### WHAT NEEDS TO BE DONE:
Exact copy, pictures excluded: please retype the lines from the start of the material through the line containing "controllare la gara.", both ends included, and nothing more.

### THE DATA:
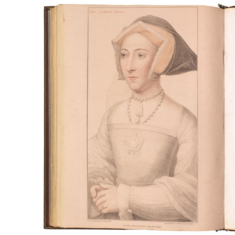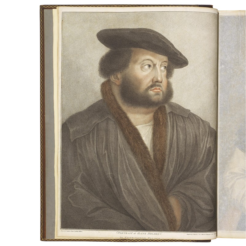 LA COPIA DI JOHN ROLAND ABBEY (1894-1969), grande bibliofilo inglese la cui collezione fu dispersa tra il 1970 e il 1975, autore di Life in England in Aquatint and Lithography, 1770-1860 (London, Curwen Press, 1953), nel quale scrive della presente opera “In every way a splendid book, the colour printing reproducing with extraordinary fidelity the original designs”. Queste Imitations sono la celebre stampa ottocentesca a colori dei ritratti disegnati da Hans Holbein (1497/8–1543) i cui originali, oggi conservati al castello di Windsor ma riscoperti dalla regina Carolina (1768-1821) in una scrivania nei suoi appartamenti a Kensington Palace, furono copiati e pubblicati in questa prestigiosa edizione sotto gli auspici di John Chamberlaine, custode dei disegni di Giorgio III dal 1791. La serie include i ritratti di importanti figure di corte (ad esempio Jane Seymour, Anne Boleyn, Sir Thomas More, King Edward VI), oltre a quelli di Holbein e di sua moglie in apertura. Le tavole sono importanti anche per la tecnica incisoria utilizzata da Francesco Bartolozzi (1727-1815), lo “stipple-engraving” (“maniera punteggiata”) a colori. Nel 1764, Richard Dalton, libraio di re Giorgio III, lo aveva convinto a trasferirsi a Londra, facendogli conferire il titolo di “Engraver to the King”. L’opera fu pubblicata in quattordici parti tra il marzo 1792 e il febbraio 1800. “This magnificent work is surely the finest example of English color printing.” (Ray).
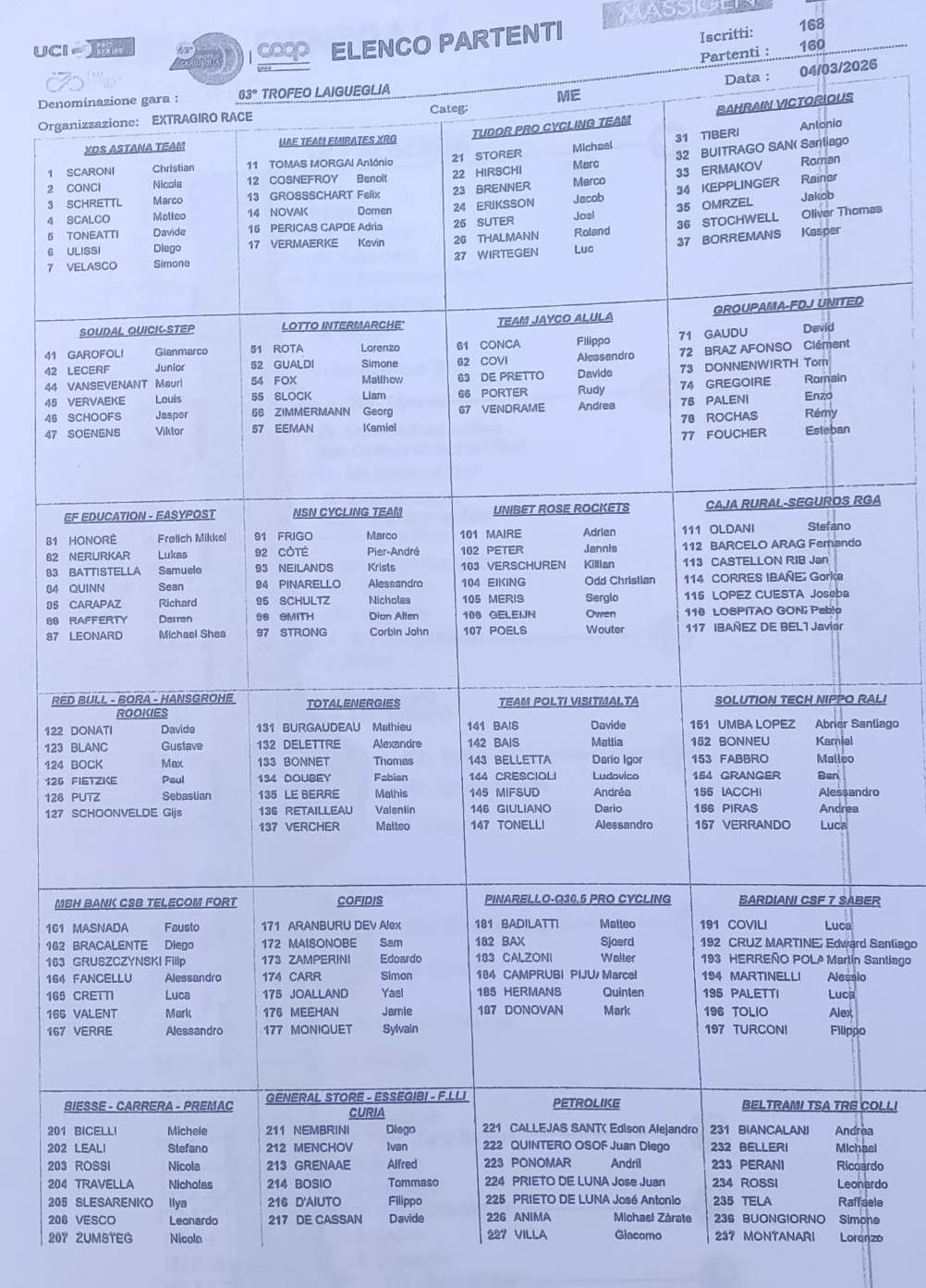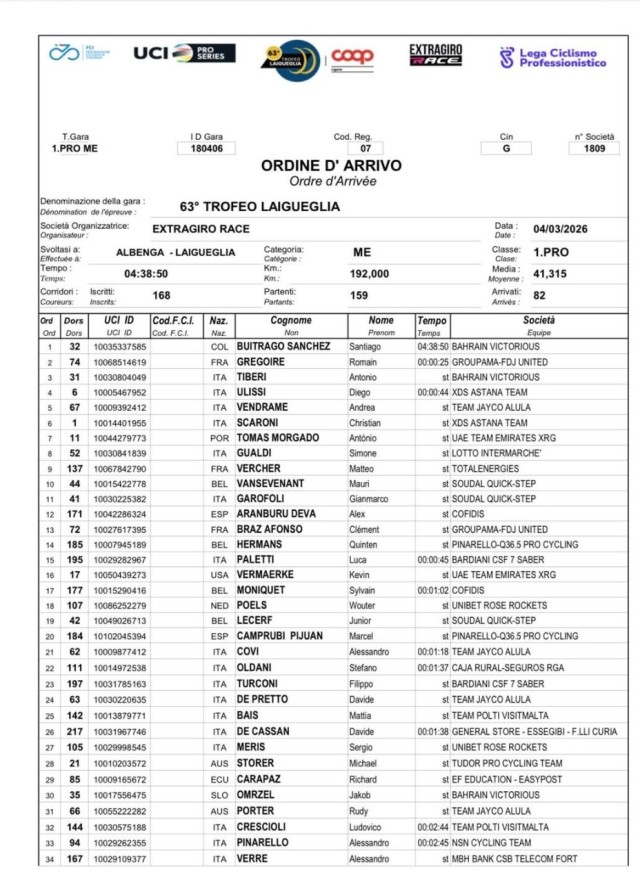 “Sono molto contento di conquistare questa prima vittoria così presto in stagione, e ancora di più perché arriva qui in Liguria, dove ho vissuto nel 2019”, ha detto Buitrago. “È speciale vincere qui. Abbiamo corso molto bene come squadra, con grande intelligenza, ed è fantastico avere anche Antonio sul podio, terzo. Tutta la squadra ha fatto un ottimo lavoro nel controllare la gara.
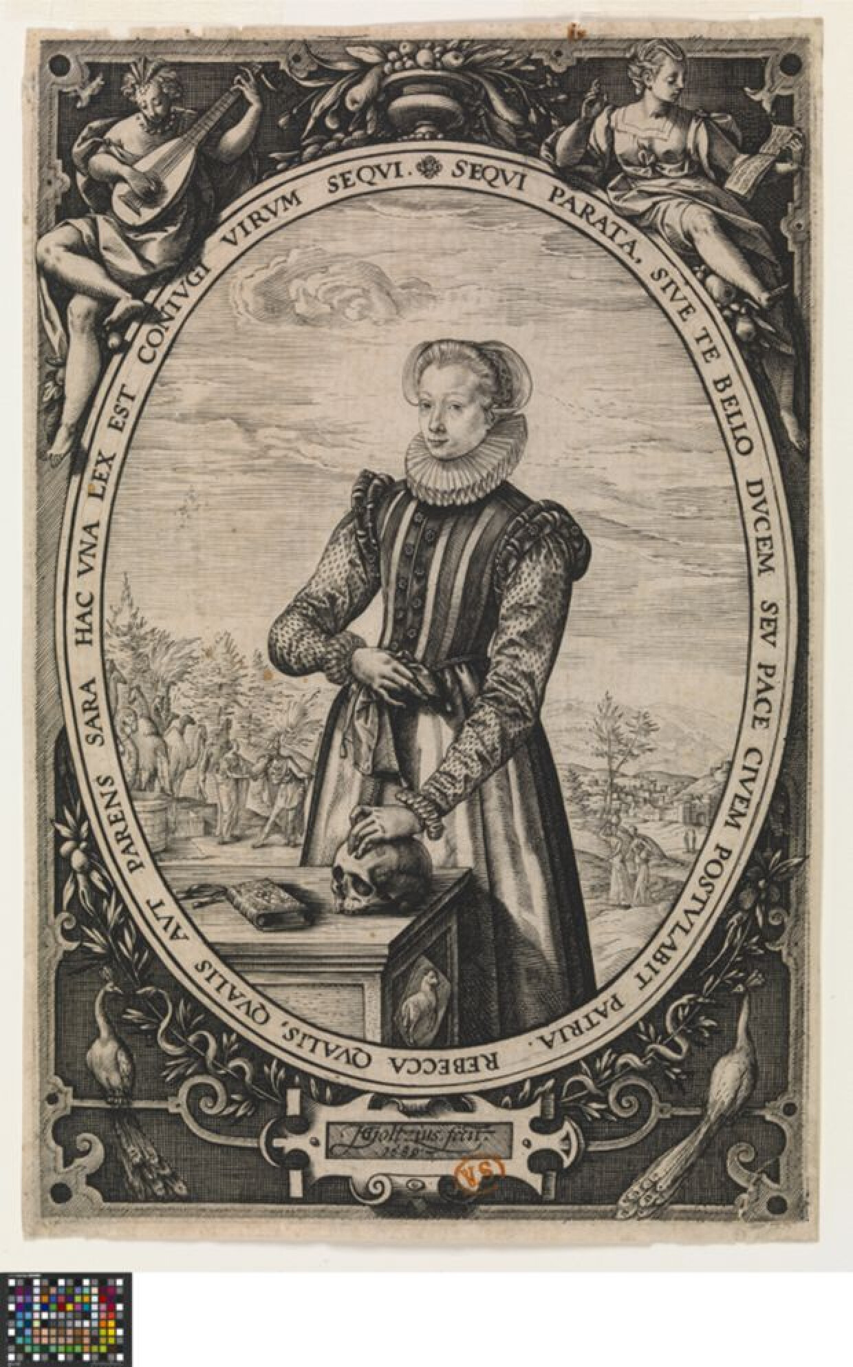 16de eeuwPrent gegraveerd door Hendrick Goltzius in 1589, tweede staat (H VIII, p. 44, nr. 185, als 'Cornelia van de Capelle'). Portret van Josina Hamels in een ovaal, voorgesteld in drie kwart achter een tafel, met een boek en een schedel, waarop haar rechterhand ligt; in de achtergrond de oudtestamentische scène met Rebeca die Eliezer te drinken geeft aan de bron; rond de ovaal een letterband met de inscriptie: 'Rebecca qvalis, qvalis.... postvlavit patria'; bovenaan in de hoeken een luitspeler en een zanger; in de hoeken onderaan twee pauwen. De prent hoort samen met een andere prent, met de voorstelling van haar man, Jacques de la Faille (H VIII, p. 44, nr. 184). De voorbereidende tekening voor de prent, met zilverpunt op perkament bevindt zich in het Teylersmuseum, Haarlem.

### OUTPUT:
 LA COPIA DI JOHN ROLAND ABBEY (1894-1969), grande bibliofilo inglese la cui collezione fu dispersa tra il 1970 e il 1975, autore di Life in England in Aquatint and Lithography, 1770-1860 (London, Curwen Press, 1953), nel quale scrive della presente opera “In every way a splendid book, the colour printing reproducing with extraordinary fidelity the original designs”. Queste Imitations sono la celebre stampa ottocentesca a colori dei ritratti disegnati da Hans Holbein (1497/8–1543) i cui originali, oggi conservati al castello di Windsor ma riscoperti dalla regina Carolina (1768-1821) in una scrivania nei suoi appartamenti a Kensington Palace, furono copiati e pubblicati in questa prestigiosa edizione sotto gli auspici di John Chamberlaine, custode dei disegni di Giorgio III dal 1791. La serie include i ritratti di importanti figure di corte (ad esempio Jane Seymour, Anne Boleyn, Sir Thomas More, King Edward VI), oltre a quelli di Holbein e di sua moglie in apertura. Le tavole sono importanti anche per la tecnica incisoria utilizzata da Francesco Bartolozzi (1727-1815), lo “stipple-engraving” (“maniera punteggiata”) a colori. Nel 1764, Richard Dalton, libraio di re Giorgio III, lo aveva convinto a trasferirsi a Londra, facendogli conferire il titolo di “Engraver to the King”. L’opera fu pubblicata in quattordici parti tra il marzo 1792 e il febbraio 1800. “This magnificent work is surely the finest example of English color printing.” (Ray).
 “Sono molto contento di conquistare questa prima vittoria così presto in stagione, e ancora di più perché arriva qui in Liguria, dove ho vissuto nel 2019”, ha detto Buitrago. “È speciale vincere qui. Abbiamo corso molto bene come squadra, con grande intelligenza, ed è fantastico avere anche Antonio sul podio, terzo. Tutta la squadra ha fatto un ottimo lavoro nel controllare la gara.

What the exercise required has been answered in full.